Without you

317 23 20
                                    

One month later
Stiles
I'm laying in bed watching how i met your mother. I used to watch that with malia. She always told me not to continue without her otherwize she'd kill me. I actually believed that so i never watched without her in my arms. It took me a long time till i could actually watch it without her and i still have a horrible feeling in my stomach.

It feels weird not having her around and i noticed my dad thinks so too. Last night he almost asked why he hasn't seen her in a while but he stopped in time and remembered. I can tell he misses her and so do I.

Malia told me to move on but i just can't. I tried but when i see a girl all I see is not malia. Not malia's long wavey hair, not malia's distracting eyes, not malia's cute humor.

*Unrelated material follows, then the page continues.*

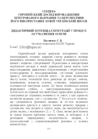 - Косянчук, Сергій Володимирович (2018) Didactic potential of integration in the process of modernization of education In: Нова українська школа: теорія і практика інтегрованого підходу , 1 . Вектор, м.Тернопіль, Україна, pp. 255-259.

The summer is almost over and all i did is hang out with scott. Kira has a new boyfriend so scott is heartbroken as well. It's nice to have someone around who makes me forget about it for a while. But ever second of everyday i picture malia her to make me happy again.

Malia
Me and peter have been living in a house on the beach in malibu for a month now and it wasn't as bad as i expacted it. Cora and derek are here too. I guess all peter really wanted was a family.

Cora has been really nice to me and i told her everything about stiles. She was really helpfull and made me forget about stiles sometimes. She even coupled me to a boy. He's a nice guy but not really my type. Honestly i have kissed him and we made out a couple times. But that's just because i tried to get over stiles. Didn't work.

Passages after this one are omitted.